PASARELA DE VERANO

Y bajo tus ramas una armonía inquieta, mientras miles de hojas juguetean con la brisa de las cumbres, la orquesta de la naturaleza entona, trajes de gala visten de color las crestas de las montañas y renace la esperanza del fuego que un día segó con rabia las siluetas amables de la isla.
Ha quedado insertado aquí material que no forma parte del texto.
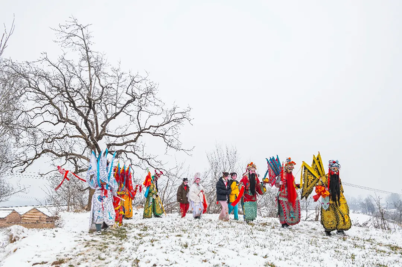 利用下雪后营造出一片洁白的世界。利用茫茫白雪作为场景中的主色调,在画面中精心布置主体元素来传达想要表达的内容。利用身着不同颜色戏服的演员为画面添彩,这样雪景照片看起来色彩就更丰富了。
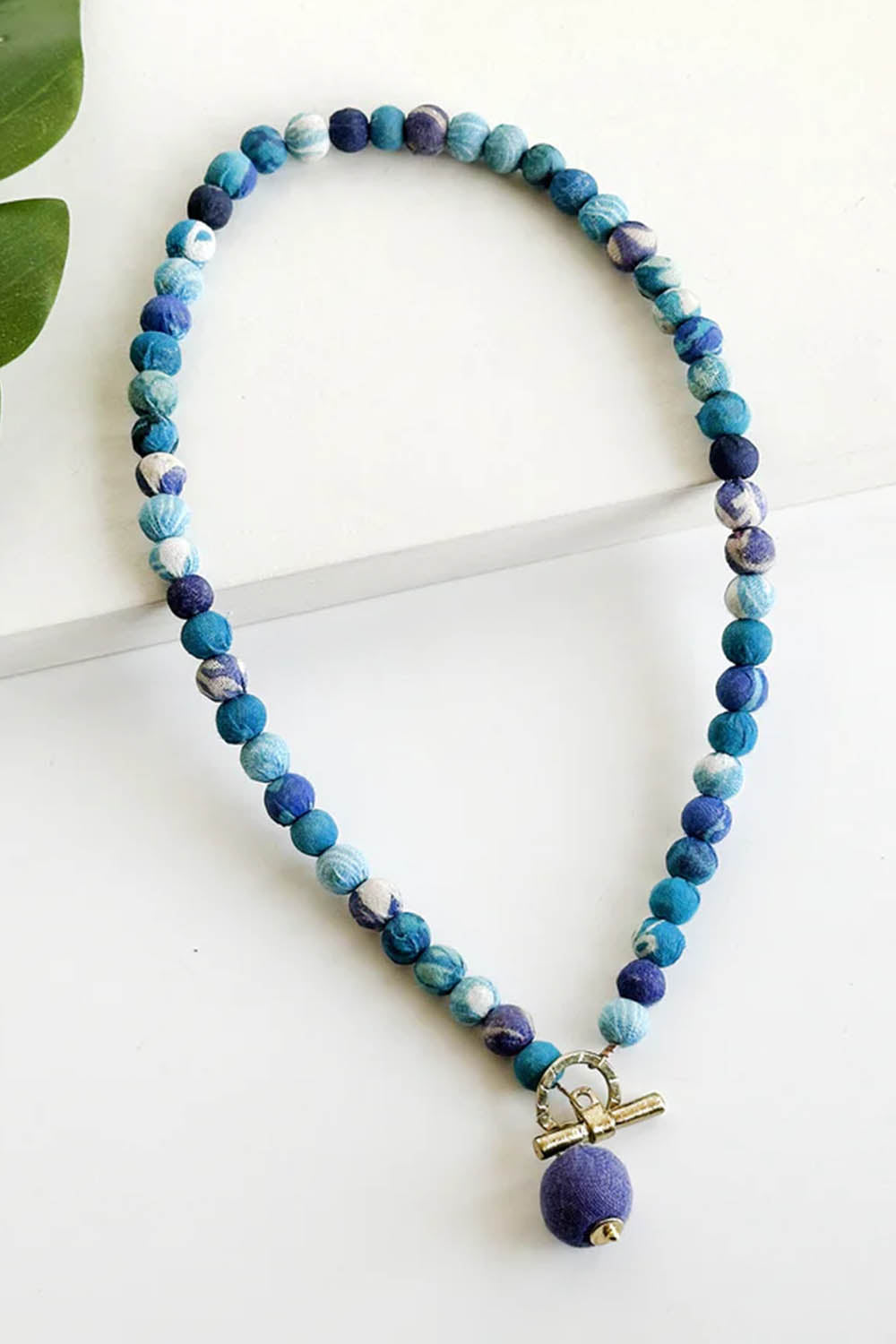 Jessie Juniper bead necklace with toggle fastening. A classic, colourful strand of Kantha is updated with a front toggle closure and a centre statement bead.
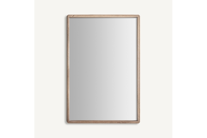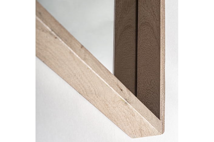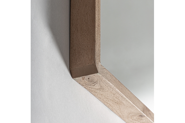 Espejo jacquard, de estilo contemporáneo. Fabricado en madera de mango, en color marrón claro, combinado con espejo.
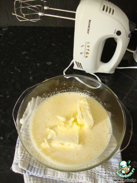 Ввести размягченное сливочное масло (180 г) и еще раз взбить.
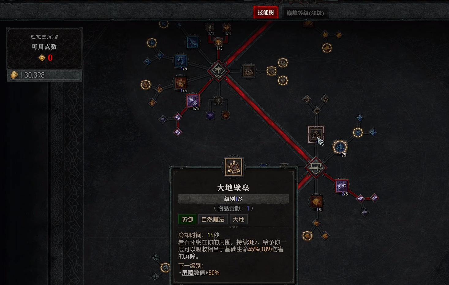 3、大地壁垒(加1点),作为防御技能,给自己套一个魔法防御护盾。
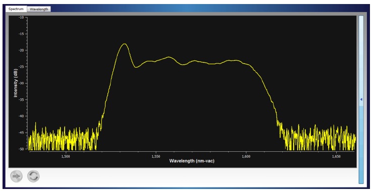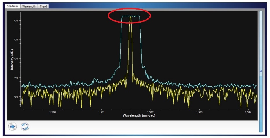 如圖五所示,黃色譜線是最近一次采樣的激光頻譜,藍(lán)色譜線為伴隨著波長(zhǎng)調(diào)諧做多次激光頻譜測(cè)試的包絡(luò)線,所以藍(lán)色譜線的上沿平頂部分是分布反饋激光器在調(diào)變激光波長(zhǎng)后掃描下的激光主模波長(zhǎng)調(diào)諧的軌跡。無論對(duì)于科研用戶還是系統(tǒng)整機(jī)制造廠家,都是一個(gè)直觀評(píng)價(jià)可調(diào)諧激光調(diào)諧頻段的操作界面。
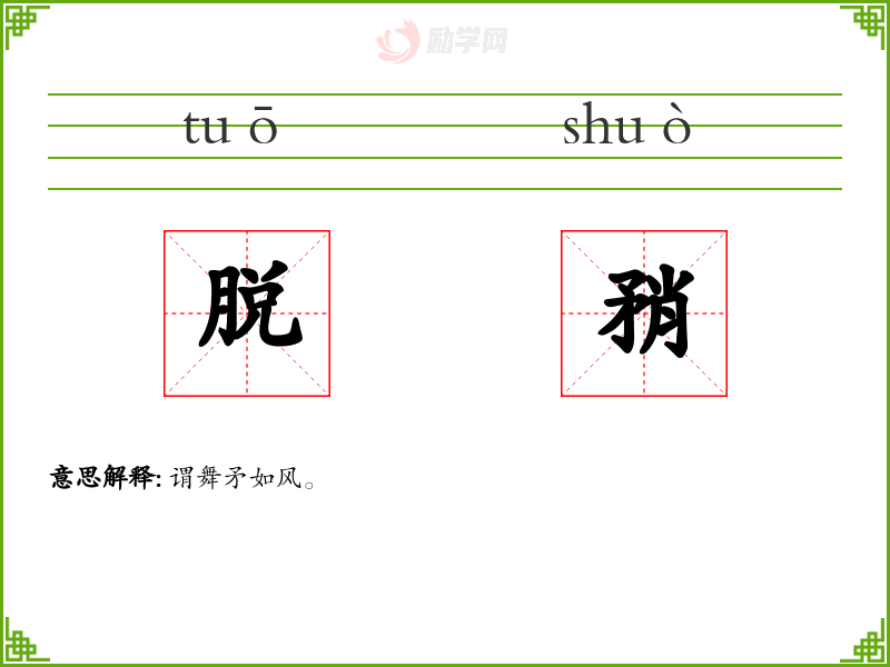 脱[ tuō ] 1. (形声。从肉,兑(duì)声。本义:肉去皮骨)。 2. 同本义。 【引证】 《说文》-脱,消肉臞也。 《尔雅》-肉去骨曰脱。 《礼记·内则》-肉曰脱之,鱼曰作之,枣曰新之。 《列子·天瑞》-其状若脱。 清·方苞《左忠毅公逸事》-筋骨尽脱矣。 [更多解释]
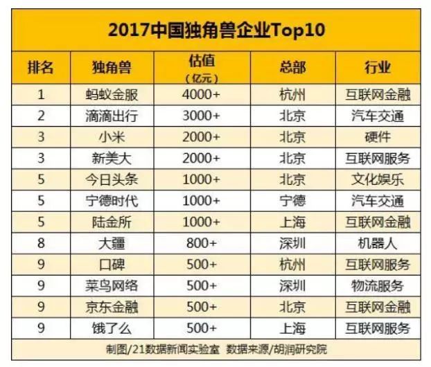 根据胡润研究院公布的数据,21数据新闻实验室汇总出了2017中国独角兽企业TOP10榜单,今日头条排在第5位,估值达到了1000亿元人民币。而就在前几日,有自媒体爆料,今日头条已经开始筹备新一轮的融资。据投资机构人士表示,本轮融资之后今日头条的估值可能将达500亿美元以上。
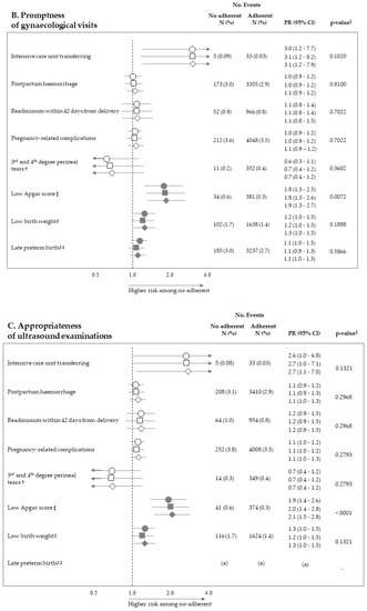 Second, we realized that low exposure prevalence was expected to occur in our cohort (i.e., few women did not adhere with recommendations). For this reason, a cautious approach was adopted by excluding from the calculations exposure–outcome pairs for which our sample size was not sufficient to appreciate a 2.0 minimum detectable PR, with a 0.80 power (i.e., of appreciating as significant PR values so high not being plausible).
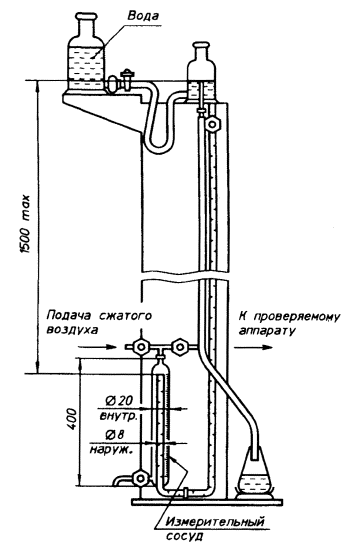 Проверку следует проводить с помощью воздуха давлением 15 кПа.
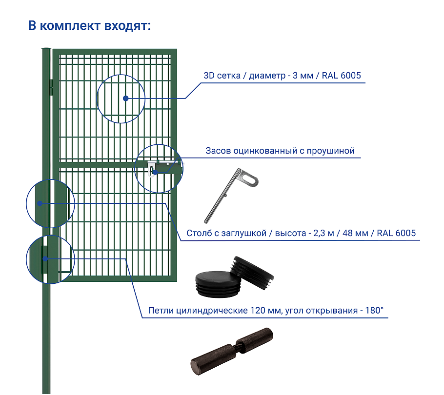Для заполнения используется сварная сетка диаметром 3,00 мм с полимерным покрытием (ППК).
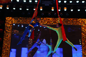 整場(chǎng)晚會(huì)以興業(yè)集團(tuán)成立10周年走過(guò)的光輝歲月為主線,在興發(fā)公司選送的歌伴舞《吉祥頌》中拉開(kāi)了帷幕,伴隨著激越的鼓點(diǎn)、歡快的舞蹈、喜悅的歌聲,霎時(shí),千米演播大廳成為了歡樂(lè)的海洋。興業(yè)房產(chǎn)公司選送的歌舞《紅旗飄飄》、《愚公移山》,唱出了興業(yè)人對(duì)偉大祖國(guó)的熱愛(ài)和百折不撓的創(chuàng)業(yè)精神;興業(yè)汽配公司選送的《前門情思大碗茶》京味十足,集團(tuán)機(jī)關(guān)選送的原生態(tài)陜北民歌《山丹丹花開(kāi)紅艷艷》和青春奔放的流行歌曲《改變自己》,展現(xiàn)了興業(yè)人多才多藝的時(shí)代風(fēng)采;天泰鋼構(gòu)公司田雯雯一曲《美麗心情》抒發(fā)了興業(yè)人對(duì)美好生活的熱愛(ài)和追求;房產(chǎn)公司姑娘們表演的富有濃郁民族特色的新疆舞《西域風(fēng)情》,勾起觀眾對(duì)邊疆風(fēng)情的片片遐想。集團(tuán)機(jī)關(guān)創(chuàng)作的配樂(lè)詩(shī)朗誦《興業(yè)十年頌》和音樂(lè)群口快板《說(shuō)唱興業(yè)房產(chǎn)》,讓全場(chǎng)觀眾打開(kāi)記憶之門,重溫了興業(yè)集團(tuán)10年的發(fā)展歷程,更是喚醒了興業(yè)人強(qiáng)烈的歷史使命感和自豪感,迸發(fā)出一股強(qiáng)大的自我升華的豪邁激情。青島永杰的姑娘們帶來(lái)的《激情水鼓》,奏響迎春盛典,震耳欲聾的鼓聲配合激昂的音樂(lè),水花飛濺,光芒四射,引爆全場(chǎng)激情。友誼商店的姑娘們表演的運(yùn)動(dòng)時(shí)裝秀和社區(qū)老年人表演的太極功夫扇《夕陽(yáng)美》,活力十足的青春魅力與剛?cè)岵?jì)的白發(fā)矍鑠,演繹出了一幅興業(yè)大家庭的和諧美景。公司選送的小品《風(fēng)波》和興發(fā)公司選送的山東快書(shū)《大老郭趕春晚》,情趣交融,令人捧腹,反映出了當(dāng)代建筑工人的情感世界和興業(yè)人對(duì)企業(yè)的無(wú)限熱愛(ài)之情。雜技《夢(mèng)幻藍(lán)綢》驚險(xiǎn)刺激,動(dòng)人心魄,引起場(chǎng)下觀眾陣陣驚呼。當(dāng)全場(chǎng)觀眾期待已久的北京《OOB美少女組合驚艷亮相時(shí),場(chǎng)下掌聲雷動(dòng),歡呼一片,動(dòng)感十足的青春美少女用她們的成名作《地球媽媽》和一首《心想事成》,甜歌勁舞,征服了全場(chǎng)觀眾,再掀晚會(huì)新高潮!吧揭粯拥臍馄,海一樣的魂,春天里走來(lái)了興業(yè)人”,伴隨著晚會(huì)主題歌曲《興業(yè)春天》的響起,《興業(yè)春天》興業(yè)集團(tuán)2010年春節(jié)聯(lián)歡晚會(huì)華彩落幕。
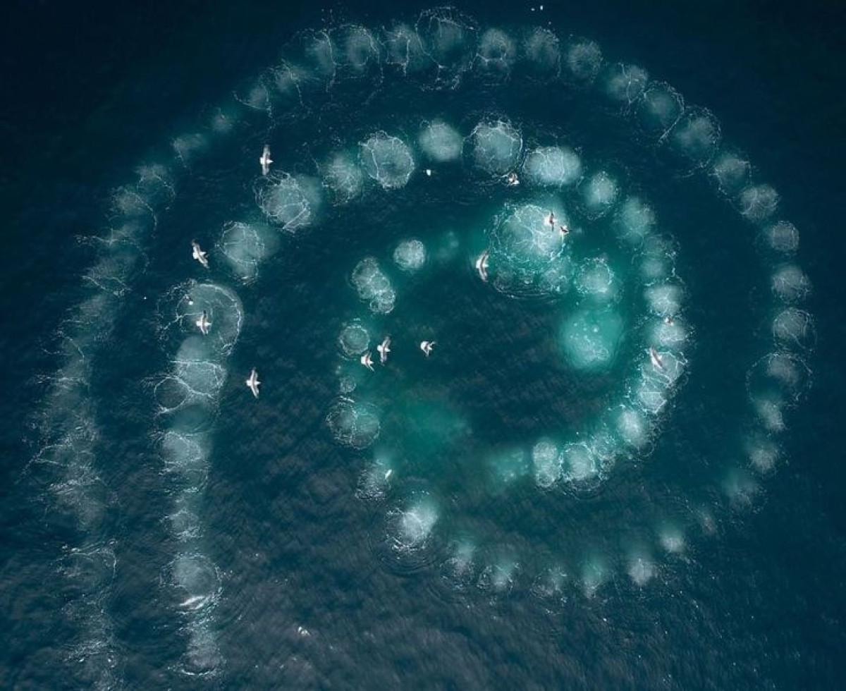 Bu ilgi çeken baloncuklar aslında baloncuklar, aslında yakınlarda dolaşan bir balinanın habercisiymiş. Özellikle kambur balinalar, avlarını sürü halinde tuzağa düşürmek için suyun altından hava üfleyerek "baloncuk ağı" adı verilen halkalar oluşturuyorlarmış.
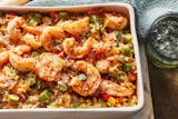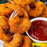 Shrimp battered in flour, coconut flakes, corn starch, salt, onion and garlic powder.
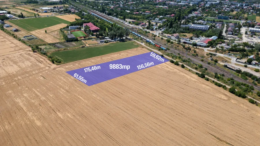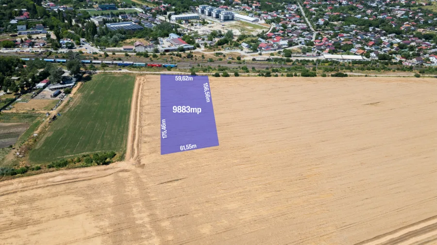 Deschidere generoasă – 59.62 ml | Suprafață totală – 9.883 mp | Zonă industrială în dezvoltare | Urbanism avantajos
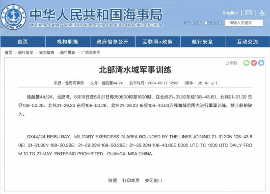 北海海事局发布航行警告,5月19日至5月21日每天8时至18时,北部湾部分海域进行军事训练,禁止驶入。
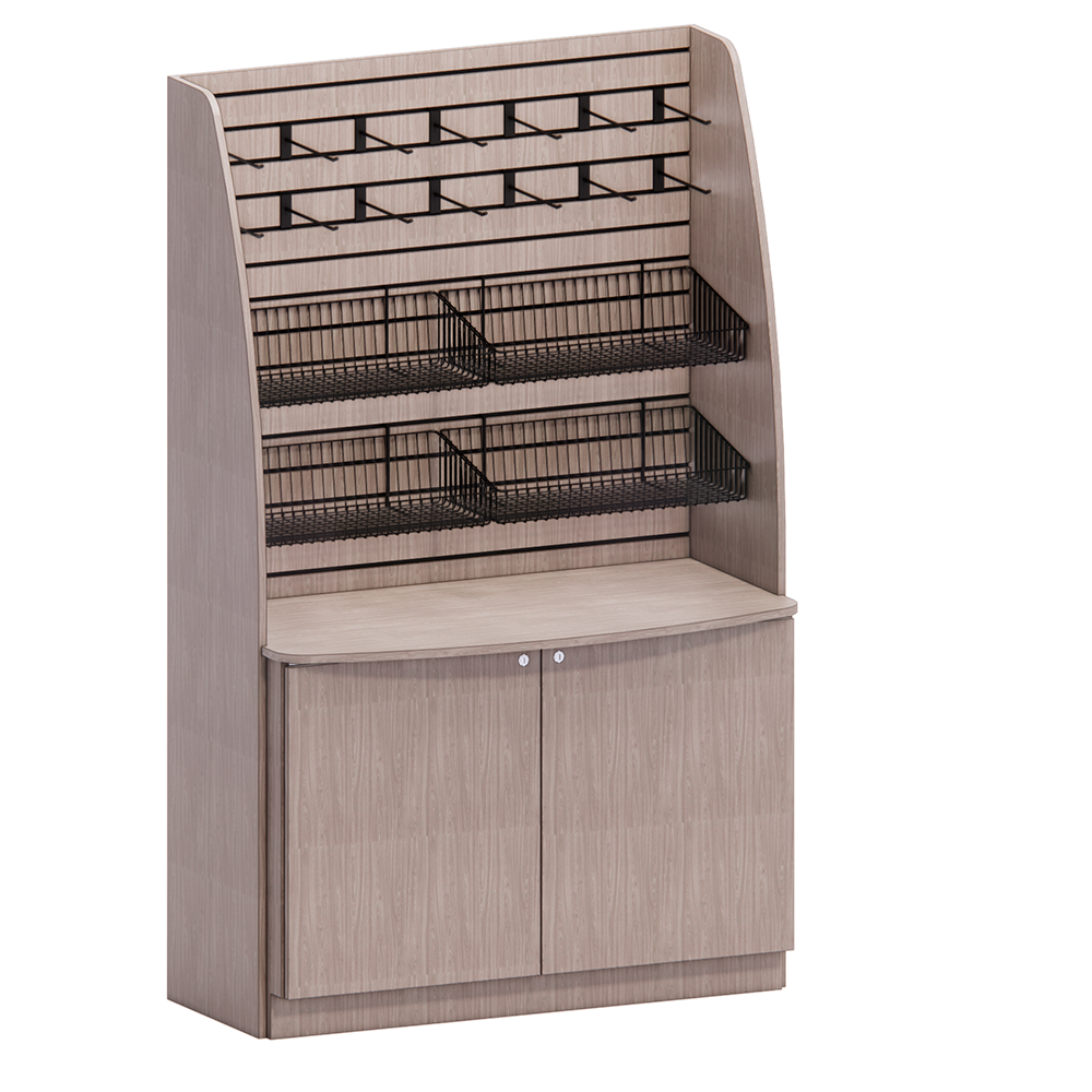 The FSASMCB is a remarkable design that integrates a half-height slatwall system and a eurostyle cabinet base into one unique product.

Ayer escuche los pájaros, aletear con galantería, revoletear tus verdes de papel y susurrar los últimos piropos de la primavera, es dulce saber de tu hechura de tu manto, de tu empaque, de tu fuerza que exhibe la coquetería del renacimiento y la pubertad, verde que se agarra al monte con tupida fortaleza, que encandila al sol devolviendo luz en color
El pasto crece en tu orilla, la senda acompaña tu gloria, en ella se marca el camino de tu esencia y tu exuberancia es motivo de parada, de aliento, de pose en tu honor, con ella se hace eco el grito de la tierra, la palabra vida, esperanza que enhebra otro ciclo de belleza con espontánea grandeza a la plenitud
El verano se acerca a su pasarela, los trajes para la ocasión se bordan en los alisios, no se esconden las mariposas que decoran los andurriales, ni los saltamontes que buscan parejas en los prados, los cardos sacan el mejor fucsia para la flor de los quesos y los gorriones surcan nuevos trazos en las vaguadas de pastizales, tanta luz potente, mueven a las hormigas a un ciclo de trabajo desgarrador, se preparan los comensales, los ajustes, los caminos, se vigilan las noches claras de estrellas para leer señales
Toda la tierra respira el ciclo de la vida, armonía de color nogal de verdes ramas aliento de belleza serena que enamora, un verano tocando está a la puerta, entrará aunque no quieras, es su feudo natural.